Transcribe word for word the section of the records below that opens with the line containing "Miu Miu Wander" and closes with the line containing "В-третьих, губернская реформа"; drop every picture.

(Stored entries)
.....

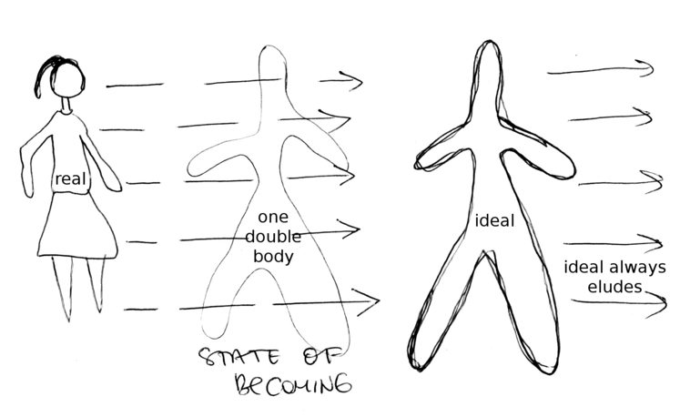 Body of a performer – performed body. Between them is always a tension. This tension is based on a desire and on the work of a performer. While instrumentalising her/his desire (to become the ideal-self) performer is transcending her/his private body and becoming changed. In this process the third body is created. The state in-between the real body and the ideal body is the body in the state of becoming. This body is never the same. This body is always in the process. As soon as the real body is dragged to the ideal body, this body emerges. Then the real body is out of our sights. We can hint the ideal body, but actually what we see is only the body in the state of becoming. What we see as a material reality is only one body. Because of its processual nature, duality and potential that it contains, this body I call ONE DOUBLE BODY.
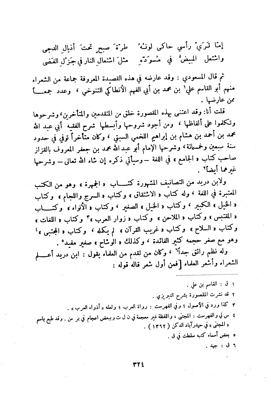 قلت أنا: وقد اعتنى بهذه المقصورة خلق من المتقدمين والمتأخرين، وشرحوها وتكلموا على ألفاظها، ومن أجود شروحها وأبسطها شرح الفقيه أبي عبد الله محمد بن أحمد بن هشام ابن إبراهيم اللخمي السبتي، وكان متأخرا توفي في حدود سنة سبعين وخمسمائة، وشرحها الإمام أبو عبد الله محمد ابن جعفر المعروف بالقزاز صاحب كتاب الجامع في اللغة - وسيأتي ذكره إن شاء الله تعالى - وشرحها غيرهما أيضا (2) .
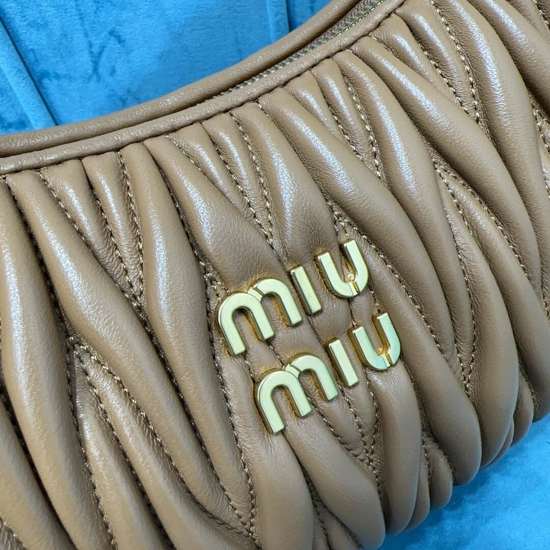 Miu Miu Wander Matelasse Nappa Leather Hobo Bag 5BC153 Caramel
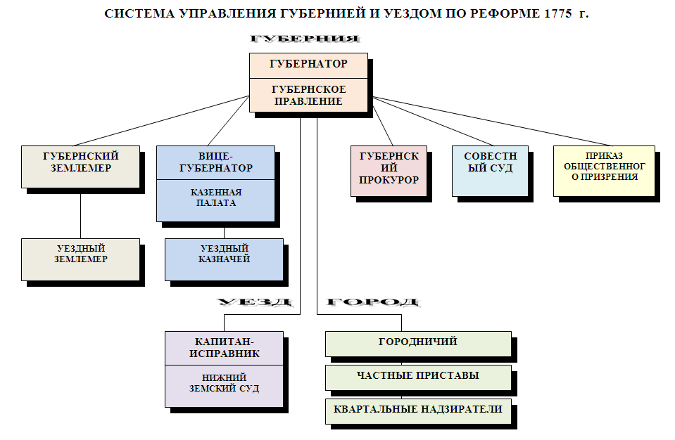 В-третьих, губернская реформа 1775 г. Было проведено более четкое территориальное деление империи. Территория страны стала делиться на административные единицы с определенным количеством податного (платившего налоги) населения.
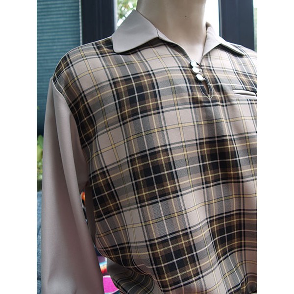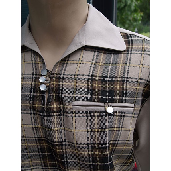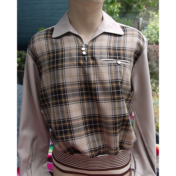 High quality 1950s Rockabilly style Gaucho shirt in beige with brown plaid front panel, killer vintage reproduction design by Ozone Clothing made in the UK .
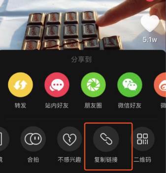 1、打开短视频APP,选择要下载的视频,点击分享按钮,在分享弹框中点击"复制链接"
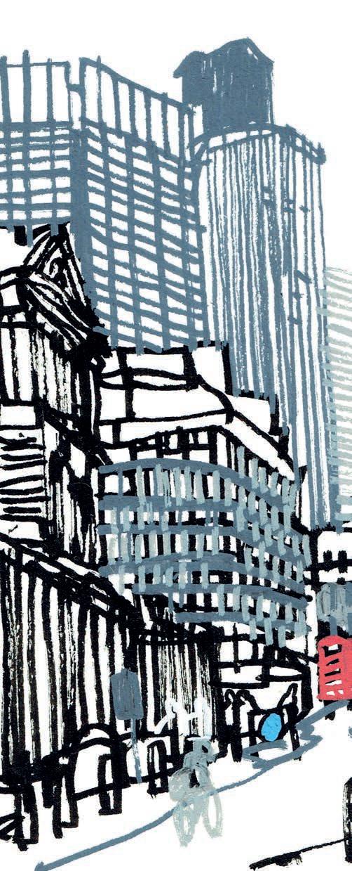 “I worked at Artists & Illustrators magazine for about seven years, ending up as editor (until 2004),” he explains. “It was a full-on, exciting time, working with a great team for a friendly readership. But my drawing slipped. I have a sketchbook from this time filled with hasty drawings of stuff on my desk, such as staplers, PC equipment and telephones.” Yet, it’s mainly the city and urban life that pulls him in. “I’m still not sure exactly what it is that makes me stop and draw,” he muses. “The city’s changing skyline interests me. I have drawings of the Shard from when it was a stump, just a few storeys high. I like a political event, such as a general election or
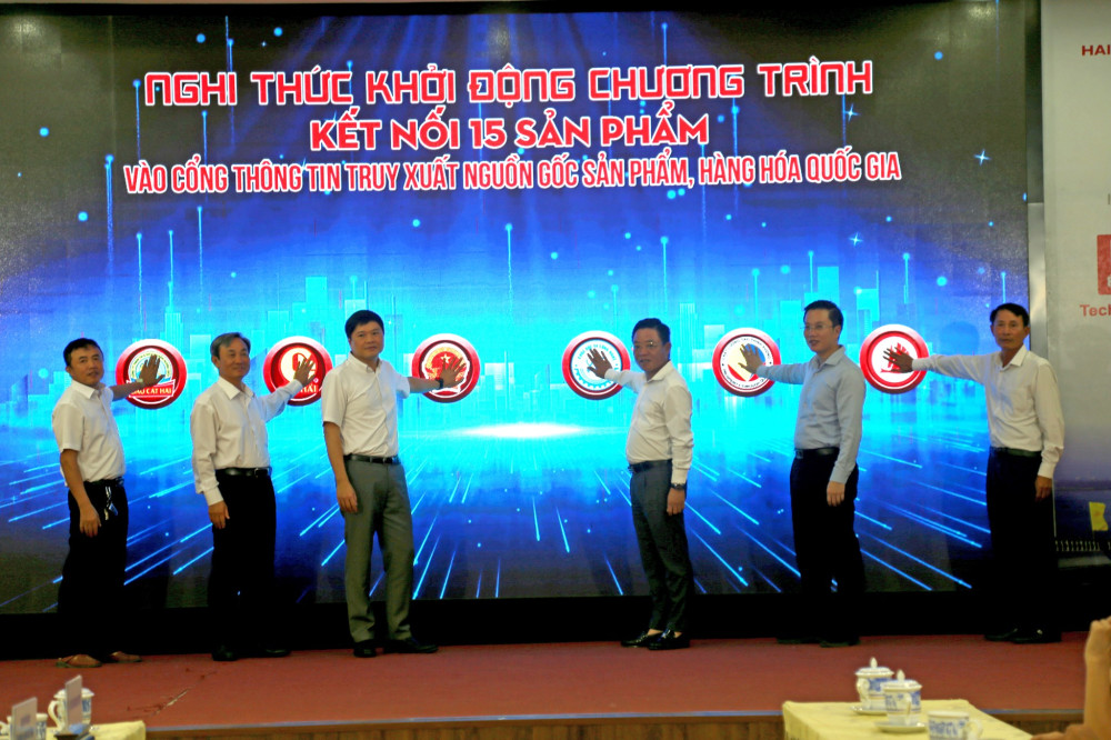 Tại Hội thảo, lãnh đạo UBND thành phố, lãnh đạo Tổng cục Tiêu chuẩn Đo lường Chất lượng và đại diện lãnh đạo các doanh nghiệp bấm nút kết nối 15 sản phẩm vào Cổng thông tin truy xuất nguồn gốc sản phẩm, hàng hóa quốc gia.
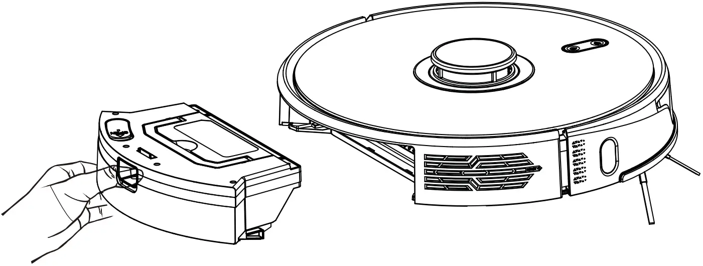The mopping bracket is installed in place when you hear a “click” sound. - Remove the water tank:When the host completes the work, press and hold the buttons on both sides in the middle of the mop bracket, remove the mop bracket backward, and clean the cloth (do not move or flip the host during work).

.....

# Your response
 Miu Miu Wander Matelasse Nappa Leather Hobo Bag 5BC153 Caramel
 В-третьих, губернская реформа 1775 г. Было проведено более четкое территориальное деление империи. Территория страны стала делиться на административные единицы с определенным количеством податного (платившего налоги) населения.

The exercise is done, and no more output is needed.